В самом деле, ведь именно здесь, в Сикстинской капелле, Микель-Анжело впервые с такою небывалою смелостью обнажил плоть от тысячелетнего христианского покрова, впервые снова, после древних, заглянул в бездну плоти, в эту «пучину» и «непостижимость», как выражается Л. Толстой. И в лицах голых, пляшущих, точно опьяненных, отроков – стихийных демонов, вокруг средних ветхозаветных картин Сикстинской часовни, и в лице Моисея в San-Pietro in Vincoli,[13] в этом страшном нечеловеческом лице, с чудовищными рогами, вместо лучей, в котором есть нечто, напоминающее сатиров – козлиное, – впервые снова пробуждается незапамятно-древняя, вечно юная арийская дума о соединении божеского и зверского, «о Божьей твари», о Боге-Звере.

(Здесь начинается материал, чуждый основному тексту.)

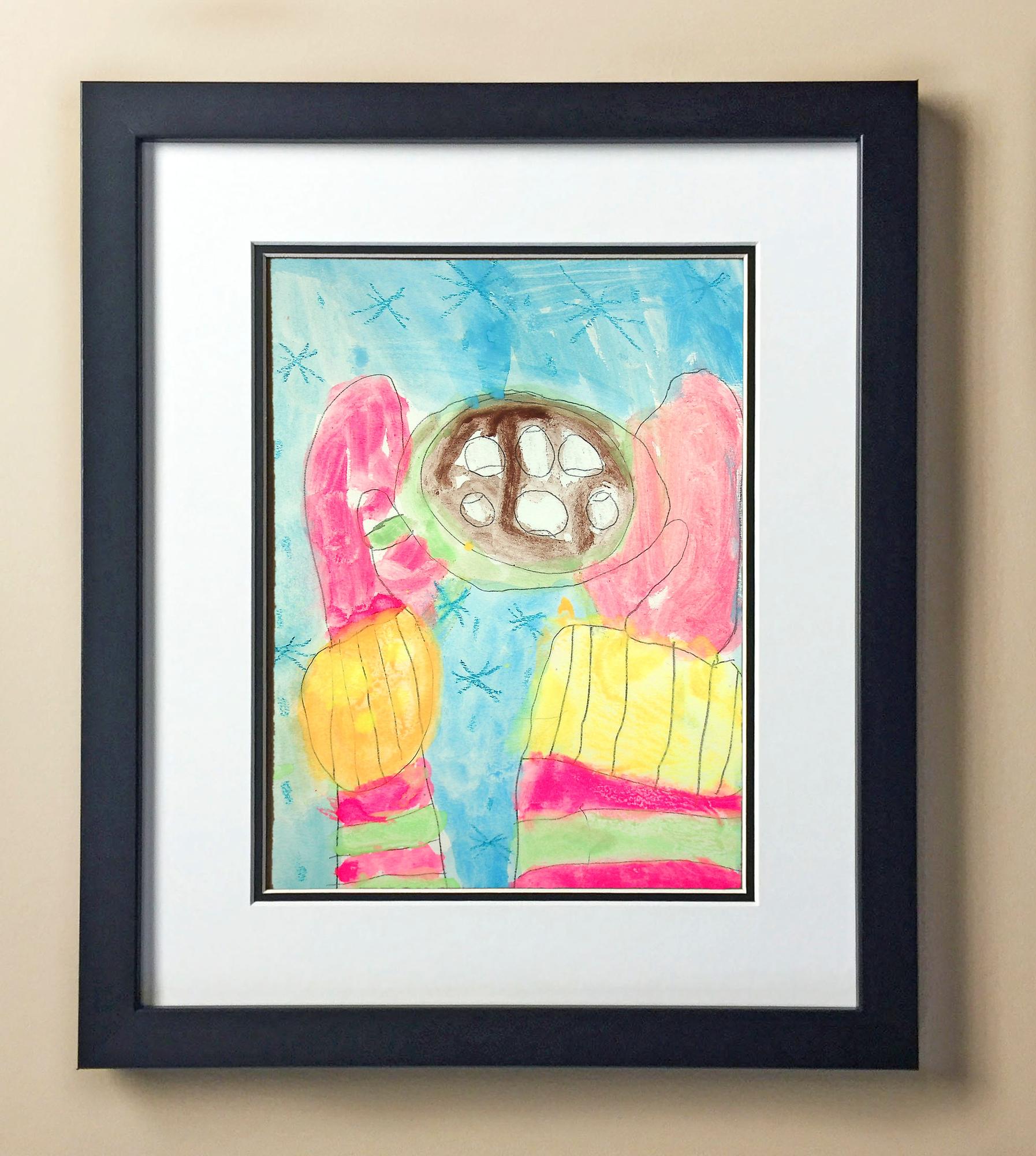 Included with the purchase is the Students Artwork, Frame, double matboard, shatter proof plexiglass, and a ready to hang backerboard with turnbuttons

Эти полубоги, полузвери, в которых естественное доведено до сверхъестественного, эти существа с исполинскими мышцами и мускулами, у которых «видно только лицо и тело, а души иногда как будто вовсе не видно» – слишком плотские, плотяные, кровяные, мясистые, словно задушенные плотью и кровью, обремененные грозовым оргийным избытком животной жизни, как «Ночь» и «Утро» Медической гробницы, «Кумская Сибилла», «Скифские пленники» – словно хотят и не могут проснуться от бреда, с неимоверным и все-таки тщетным усилием стремятся к мысли, к сознанию, к одухотворению, к освобождению от плоти, от камня, от вещества, которым связаны. – Нет ничего менее христианского и более желающего быть христианским.

Как в бездну плоти – Микель-Анжело, так заглянул Леонардо в противоположную и равную бездну духа. Он как будто вышел из того, к чему только шел Микель-Анжело.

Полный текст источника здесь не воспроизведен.